Smartpay first half profit slumps 90%
Net profit plummet due to losing a major wholesale contract last year.
Net profit plummet due to losing a major wholesale contract last year.
Smartpay Holdings [NZX: SPY], the listed payment terminal supplier, reported a 90% slump in first half profit and is in the process of rebuilding its business after losing a major wholesale contract last year.
In the six months ended September 30 net profit fell to $143,000 (or 0.08 cents per share) from $1.5 million (0.87 cents per share), a year earlier. Earnings before interest, tax, depreciation, amortisation and other charges sank 23% to $3.7 million on a 16% drop in revenue to $9.9 million, the Auckland-based company said in a statement.
At its annual meeting in September, Smartpay said earnings would probably decline to between $8 million to $8.5 million in the year ending March 31, 2016, from $9.2 million in 2015. The company didn't mention annual guidance in today's release.
"The result here represents the culmination of some challenges we faced and the tough decisions we had to make to move our business forward," the statement said. "The outcomes of these decisions, while not apparent in this period's results, are now showing clear progress and growth. While not yet evident in these half-year results, we expect this growth will be clear when we report our full-year results."

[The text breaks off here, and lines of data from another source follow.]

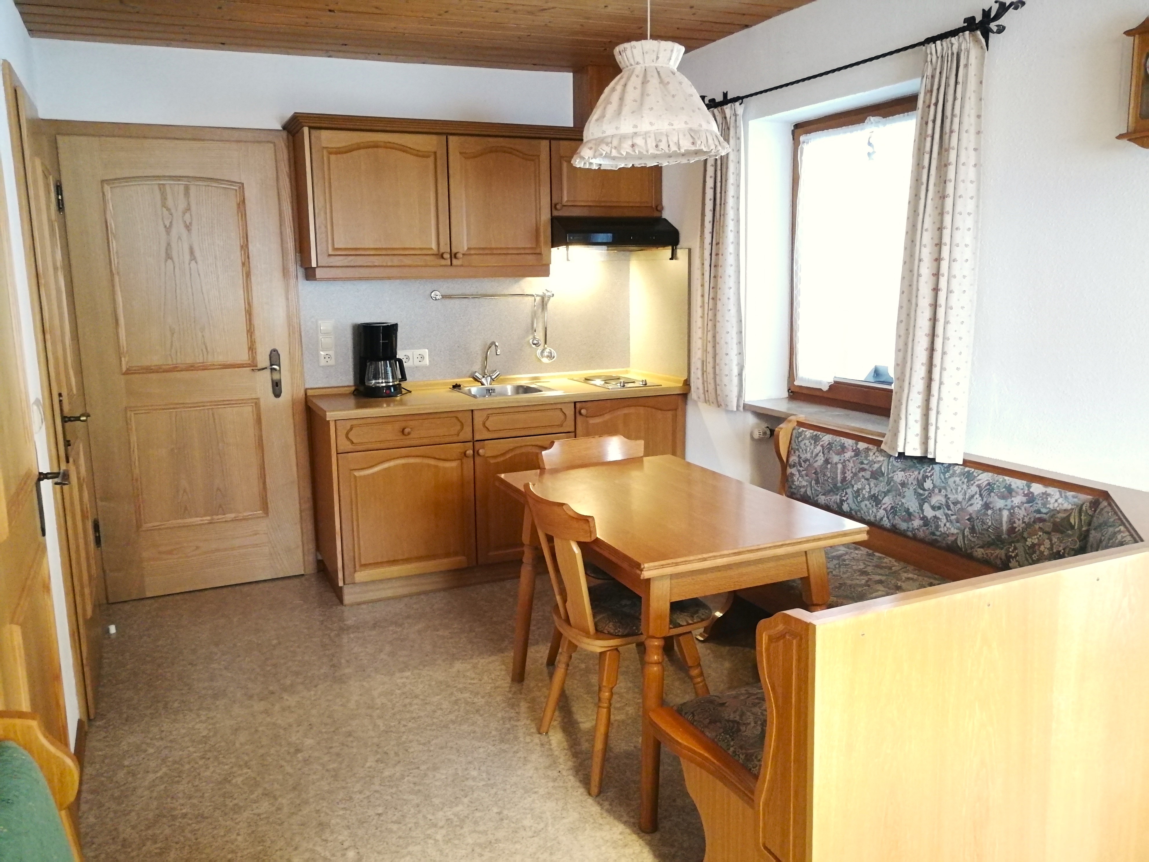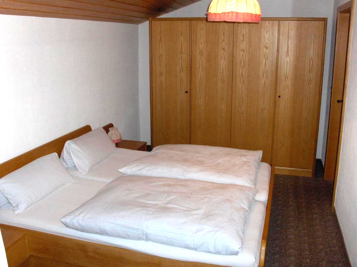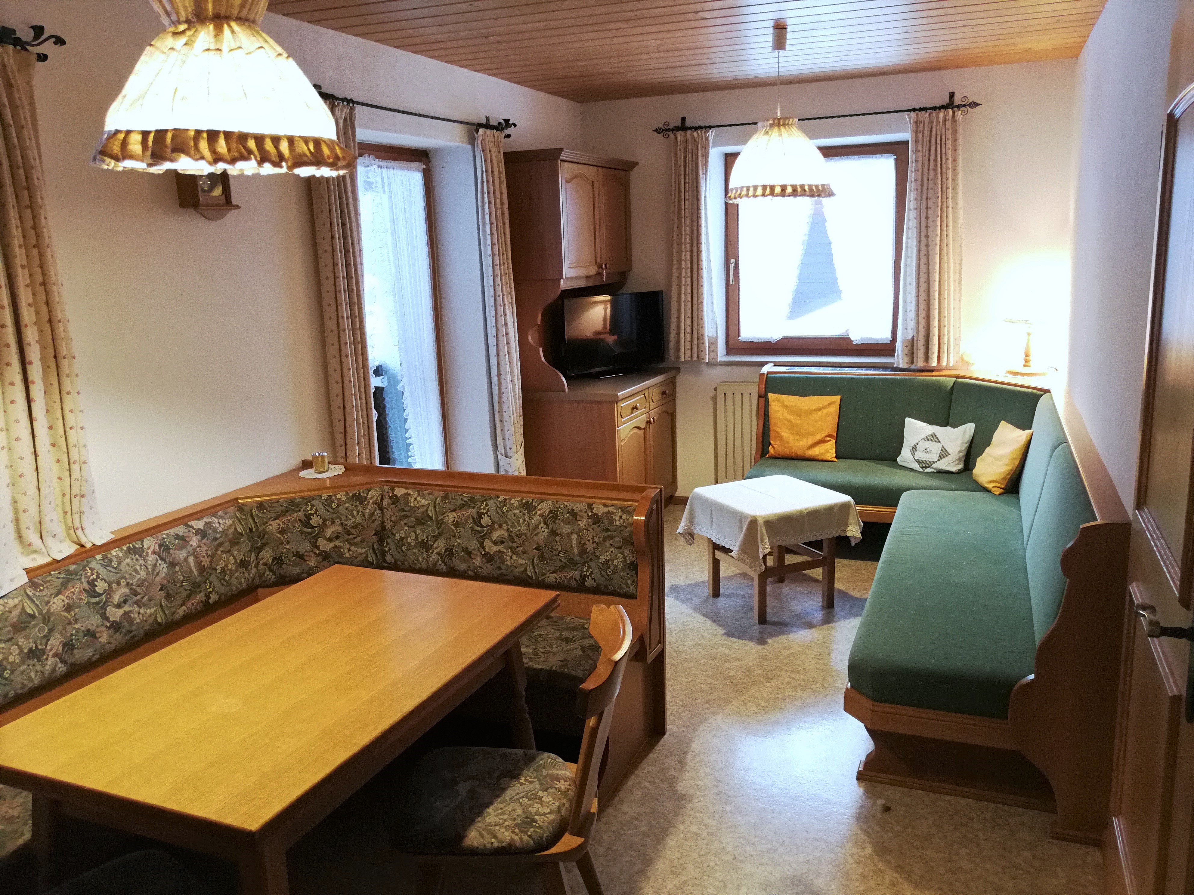 Unsere Ferienwohnung befindet sich im 1. Stock. Die 52 qm Wohnung besteht aus 2 getrennten Schlafzimmern, einem geräumigen Wohn-Küchenbereich, Dusche/WC und einem Südbalkon mit unverbautem Bergblick. Die Ferienwohnung ist komplett ausgestattet, Bettwäsche und Handtücher werden gestellt. Eine Unterstellmöglichkeit für Fahrräder ist vorhanden, keine Haustiere!
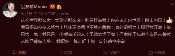 “这个世界那么大!女歌手那么多!别只盯着我!你应该走向世界!踩出中国![good] 我看得出你多么努力!肢体不协调也不放弃跳舞!真的很努力!眼界放开点!格局大一点!我只是一个爱音乐的人!虽然奇怪了点!但我终于知道什么是人善被人欺马善被人欺! 我祝你一路走好!你一定红遍全宇宙! ”
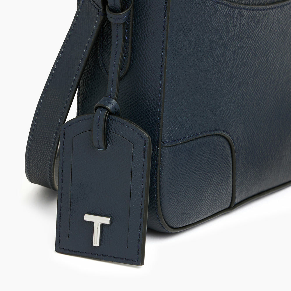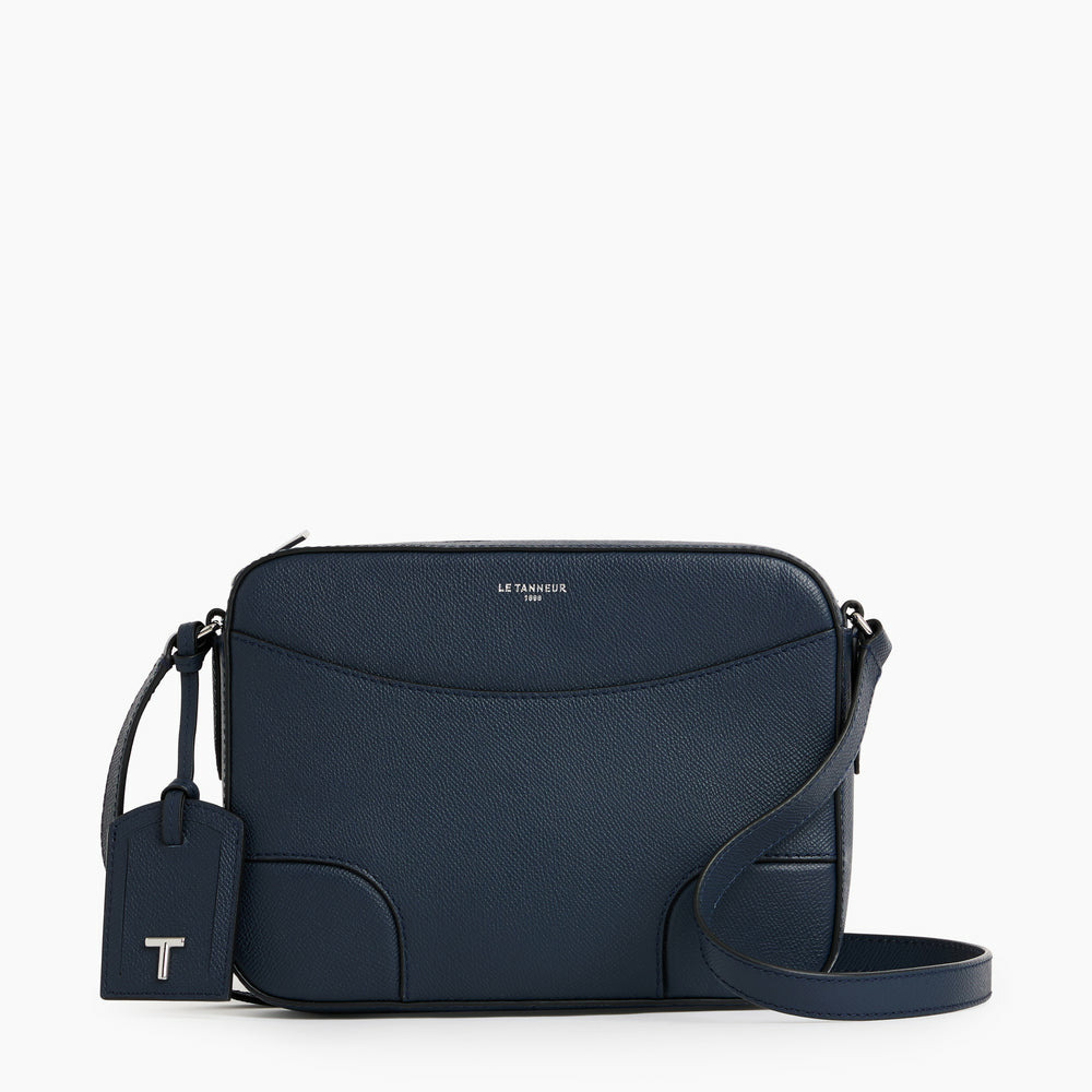 Dimensions compactes, cuir grain croisé pleine fleur, bandoulière réglable, fermeture zippée sécurisée, intérieur doublé avec poche plate.

Smartpay anticipated the revenue loss when it decided to sell directly to Australia's taxi industry at the expense of its major wholesale contract, which ended in December last year. Since then, the company has been focused on developing its Australian TaxiPOS taxi payments business in the first half, and had made “substantial progress in growing this revenue and profit line,” it said.
"To date we have deployed and are earning revenue from over 1500 taxi terminals under our new model and have a substantial pipeline of opportunities which we expect will contribute to the ongoing growth of our Australian business."
Smartpay needs about 3000 terminals to replace revenue from its previous contract, with 1500 terminals representing about 7% of the Australian taxi market.
The company identified potential mergers and acquisitions among its strategies to reshape the business, saying it has a number of opportunities under consideration.
The board didn't declare a dividend.
The shares fell 6.7% to 14 cents, and have dropped 25% this year.